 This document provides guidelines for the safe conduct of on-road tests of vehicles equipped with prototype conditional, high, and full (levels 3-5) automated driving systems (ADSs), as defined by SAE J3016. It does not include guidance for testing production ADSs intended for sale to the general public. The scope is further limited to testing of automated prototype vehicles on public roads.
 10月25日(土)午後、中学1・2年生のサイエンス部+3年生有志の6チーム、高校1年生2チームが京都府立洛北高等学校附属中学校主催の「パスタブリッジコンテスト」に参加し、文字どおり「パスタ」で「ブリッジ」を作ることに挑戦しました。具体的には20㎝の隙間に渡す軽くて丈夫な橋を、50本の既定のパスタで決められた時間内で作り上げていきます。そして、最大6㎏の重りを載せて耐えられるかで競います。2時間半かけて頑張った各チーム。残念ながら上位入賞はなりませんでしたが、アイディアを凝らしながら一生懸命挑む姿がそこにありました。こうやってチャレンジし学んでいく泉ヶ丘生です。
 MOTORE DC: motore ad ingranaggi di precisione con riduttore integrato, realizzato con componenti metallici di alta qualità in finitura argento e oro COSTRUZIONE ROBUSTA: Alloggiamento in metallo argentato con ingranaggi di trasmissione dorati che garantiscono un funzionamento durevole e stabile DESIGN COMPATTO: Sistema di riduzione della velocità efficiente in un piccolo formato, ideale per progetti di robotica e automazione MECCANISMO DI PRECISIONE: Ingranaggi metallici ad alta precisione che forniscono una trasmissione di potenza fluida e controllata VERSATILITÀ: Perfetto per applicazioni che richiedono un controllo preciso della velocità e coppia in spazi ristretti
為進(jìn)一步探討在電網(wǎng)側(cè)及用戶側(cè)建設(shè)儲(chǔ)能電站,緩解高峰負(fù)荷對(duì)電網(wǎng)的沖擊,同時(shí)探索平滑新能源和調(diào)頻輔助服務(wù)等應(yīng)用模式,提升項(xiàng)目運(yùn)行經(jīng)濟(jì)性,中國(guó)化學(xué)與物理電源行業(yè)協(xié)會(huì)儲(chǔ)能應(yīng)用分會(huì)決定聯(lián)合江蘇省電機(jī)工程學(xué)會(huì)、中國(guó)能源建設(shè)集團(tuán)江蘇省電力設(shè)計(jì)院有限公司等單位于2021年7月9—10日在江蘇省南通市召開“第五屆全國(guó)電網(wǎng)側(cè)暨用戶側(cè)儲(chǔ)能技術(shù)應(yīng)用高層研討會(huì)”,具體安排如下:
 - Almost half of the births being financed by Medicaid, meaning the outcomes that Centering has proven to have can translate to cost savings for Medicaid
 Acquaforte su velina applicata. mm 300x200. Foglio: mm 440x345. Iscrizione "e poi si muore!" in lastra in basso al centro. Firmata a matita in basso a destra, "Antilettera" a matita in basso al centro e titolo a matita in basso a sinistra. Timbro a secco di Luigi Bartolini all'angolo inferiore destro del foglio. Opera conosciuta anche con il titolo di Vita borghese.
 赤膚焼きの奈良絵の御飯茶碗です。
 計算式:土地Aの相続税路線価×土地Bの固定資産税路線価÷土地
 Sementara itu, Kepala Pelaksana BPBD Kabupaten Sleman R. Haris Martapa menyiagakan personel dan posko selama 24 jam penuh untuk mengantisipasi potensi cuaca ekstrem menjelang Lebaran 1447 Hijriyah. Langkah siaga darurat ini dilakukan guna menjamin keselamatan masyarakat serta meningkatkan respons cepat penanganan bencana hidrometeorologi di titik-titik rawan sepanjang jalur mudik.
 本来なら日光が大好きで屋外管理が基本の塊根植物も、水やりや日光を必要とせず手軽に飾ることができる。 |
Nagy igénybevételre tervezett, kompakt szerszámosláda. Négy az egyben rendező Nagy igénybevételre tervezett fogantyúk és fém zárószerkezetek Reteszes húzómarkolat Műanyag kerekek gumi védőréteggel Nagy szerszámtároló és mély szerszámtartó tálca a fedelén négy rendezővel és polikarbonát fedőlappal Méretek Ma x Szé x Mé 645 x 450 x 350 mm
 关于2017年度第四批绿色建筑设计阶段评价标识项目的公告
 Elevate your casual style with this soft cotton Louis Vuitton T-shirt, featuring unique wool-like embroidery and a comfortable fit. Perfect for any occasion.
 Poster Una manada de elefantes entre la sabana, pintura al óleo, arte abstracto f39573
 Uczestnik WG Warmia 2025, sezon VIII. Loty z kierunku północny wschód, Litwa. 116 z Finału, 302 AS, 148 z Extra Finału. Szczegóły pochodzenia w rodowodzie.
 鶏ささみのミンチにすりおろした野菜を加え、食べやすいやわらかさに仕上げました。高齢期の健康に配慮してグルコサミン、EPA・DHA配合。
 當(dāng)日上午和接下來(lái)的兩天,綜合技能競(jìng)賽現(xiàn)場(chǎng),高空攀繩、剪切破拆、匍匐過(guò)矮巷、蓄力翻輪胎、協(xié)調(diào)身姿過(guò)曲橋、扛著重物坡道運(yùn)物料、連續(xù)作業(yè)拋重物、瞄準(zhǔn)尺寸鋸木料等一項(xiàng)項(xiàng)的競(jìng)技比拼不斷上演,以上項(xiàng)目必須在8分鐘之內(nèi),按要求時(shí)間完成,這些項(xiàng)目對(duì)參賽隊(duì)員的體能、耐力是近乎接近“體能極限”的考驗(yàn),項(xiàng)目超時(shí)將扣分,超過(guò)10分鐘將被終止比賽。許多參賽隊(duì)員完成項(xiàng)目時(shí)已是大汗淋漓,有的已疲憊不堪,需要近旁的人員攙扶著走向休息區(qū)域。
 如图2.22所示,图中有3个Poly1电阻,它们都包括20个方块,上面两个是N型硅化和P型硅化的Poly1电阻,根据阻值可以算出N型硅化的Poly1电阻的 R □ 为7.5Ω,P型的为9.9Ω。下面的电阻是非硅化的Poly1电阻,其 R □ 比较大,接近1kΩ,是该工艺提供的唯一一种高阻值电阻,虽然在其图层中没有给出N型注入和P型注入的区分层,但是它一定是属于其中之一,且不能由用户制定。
•••••
→ **Exercise requirements**:
Every record needs to be reproduced exactly, with none skipped.

→ **Written response**:
 This document provides guidelines for the safe conduct of on-road tests of vehicles equipped with prototype conditional, high, and full (levels 3-5) automated driving systems (ADSs), as defined by SAE J3016. It does not include guidance for testing production ADSs intended for sale to the general public. The scope is further limited to testing of automated prototype vehicles on public roads.
 10月25日(土)午後、中学1・2年生のサイエンス部+3年生有志の6チーム、高校1年生2チームが京都府立洛北高等学校附属中学校主催の「パスタブリッジコンテスト」に参加し、文字どおり「パスタ」で「ブリッジ」を作ることに挑戦しました。具体的には20㎝の隙間に渡す軽くて丈夫な橋を、50本の既定のパスタで決められた時間内で作り上げていきます。そして、最大6㎏の重りを載せて耐えられるかで競います。2時間半かけて頑張った各チーム。残念ながら上位入賞はなりませんでしたが、アイディアを凝らしながら一生懸命挑む姿がそこにありました。こうやってチャレンジし学んでいく泉ヶ丘生です。
 MOTORE DC: motore ad ingranaggi di precisione con riduttore integrato, realizzato con componenti metallici di alta qualità in finitura argento e oro COSTRUZIONE ROBUSTA: Alloggiamento in metallo argentato con ingranaggi di trasmissione dorati che garantiscono un funzionamento durevole e stabile DESIGN COMPATTO: Sistema di riduzione della velocità efficiente in un piccolo formato, ideale per progetti di robotica e automazione MECCANISMO DI PRECISIONE: Ingranaggi metallici ad alta precisione che forniscono una trasmissione di potenza fluida e controllata VERSATILITÀ: Perfetto per applicazioni che richiedono un controllo preciso della velocità e coppia in spazi ristretti
為進(jìn)一步探討在電網(wǎng)側(cè)及用戶側(cè)建設(shè)儲(chǔ)能電站,緩解高峰負(fù)荷對(duì)電網(wǎng)的沖擊,同時(shí)探索平滑新能源和調(diào)頻輔助服務(wù)等應(yīng)用模式,提升項(xiàng)目運(yùn)行經(jīng)濟(jì)性,中國(guó)化學(xué)與物理電源行業(yè)協(xié)會(huì)儲(chǔ)能應(yīng)用分會(huì)決定聯(lián)合江蘇省電機(jī)工程學(xué)會(huì)、中國(guó)能源建設(shè)集團(tuán)江蘇省電力設(shè)計(jì)院有限公司等單位于2021年7月9—10日在江蘇省南通市召開“第五屆全國(guó)電網(wǎng)側(cè)暨用戶側(cè)儲(chǔ)能技術(shù)應(yīng)用高層研討會(huì)”,具體安排如下:
 - Almost half of the births being financed by Medicaid, meaning the outcomes that Centering has proven to have can translate to cost savings for Medicaid
 Acquaforte su velina applicata. mm 300x200. Foglio: mm 440x345. Iscrizione "e poi si muore!" in lastra in basso al centro. Firmata a matita in basso a destra, "Antilettera" a matita in basso al centro e titolo a matita in basso a sinistra. Timbro a secco di Luigi Bartolini all'angolo inferiore destro del foglio. Opera conosciuta anche con il titolo di Vita borghese.
 赤膚焼きの奈良絵の御飯茶碗です。
 計算式:土地Aの相続税路線価×土地Bの固定資産税路線価÷土地
 Sementara itu, Kepala Pelaksana BPBD Kabupaten Sleman R. Haris Martapa menyiagakan personel dan posko selama 24 jam penuh untuk mengantisipasi potensi cuaca ekstrem menjelang Lebaran 1447 Hijriyah. Langkah siaga darurat ini dilakukan guna menjamin keselamatan masyarakat serta meningkatkan respons cepat penanganan bencana hidrometeorologi di titik-titik rawan sepanjang jalur mudik.
 本来なら日光が大好きで屋外管理が基本の塊根植物も、水やりや日光を必要とせず手軽に飾ることができる。 |
Nagy igénybevételre tervezett, kompakt szerszámosláda. Négy az egyben rendező Nagy igénybevételre tervezett fogantyúk és fém zárószerkezetek Reteszes húzómarkolat Műanyag kerekek gumi védőréteggel Nagy szerszámtároló és mély szerszámtartó tálca a fedelén négy rendezővel és polikarbonát fedőlappal Méretek Ma x Szé x Mé 645 x 450 x 350 mm
 关于2017年度第四批绿色建筑设计阶段评价标识项目的公告
 Elevate your casual style with this soft cotton Louis Vuitton T-shirt, featuring unique wool-like embroidery and a comfortable fit. Perfect for any occasion.
 Poster Una manada de elefantes entre la sabana, pintura al óleo, arte abstracto f39573
 Uczestnik WG Warmia 2025, sezon VIII. Loty z kierunku północny wschód, Litwa. 116 z Finału, 302 AS, 148 z Extra Finału. Szczegóły pochodzenia w rodowodzie.
 鶏ささみのミンチにすりおろした野菜を加え、食べやすいやわらかさに仕上げました。高齢期の健康に配慮してグルコサミン、EPA・DHA配合。
 當(dāng)日上午和接下來(lái)的兩天,綜合技能競(jìng)賽現(xiàn)場(chǎng),高空攀繩、剪切破拆、匍匐過(guò)矮巷、蓄力翻輪胎、協(xié)調(diào)身姿過(guò)曲橋、扛著重物坡道運(yùn)物料、連續(xù)作業(yè)拋重物、瞄準(zhǔn)尺寸鋸木料等一項(xiàng)項(xiàng)的競(jìng)技比拼不斷上演,以上項(xiàng)目必須在8分鐘之內(nèi),按要求時(shí)間完成,這些項(xiàng)目對(duì)參賽隊(duì)員的體能、耐力是近乎接近“體能極限”的考驗(yàn),項(xiàng)目超時(shí)將扣分,超過(guò)10分鐘將被終止比賽。許多參賽隊(duì)員完成項(xiàng)目時(shí)已是大汗淋漓,有的已疲憊不堪,需要近旁的人員攙扶著走向休息區(qū)域。
 如图2.22所示,图中有3个Poly1电阻,它们都包括20个方块,上面两个是N型硅化和P型硅化的Poly1电阻,根据阻值可以算出N型硅化的Poly1电阻的 R □ 为7.5Ω,P型的为9.9Ω。下面的电阻是非硅化的Poly1电阻,其 R □ 比较大,接近1kΩ,是该工艺提供的唯一一种高阻值电阻,虽然在其图层中没有给出N型注入和P型注入的区分层,但是它一定是属于其中之一,且不能由用户制定。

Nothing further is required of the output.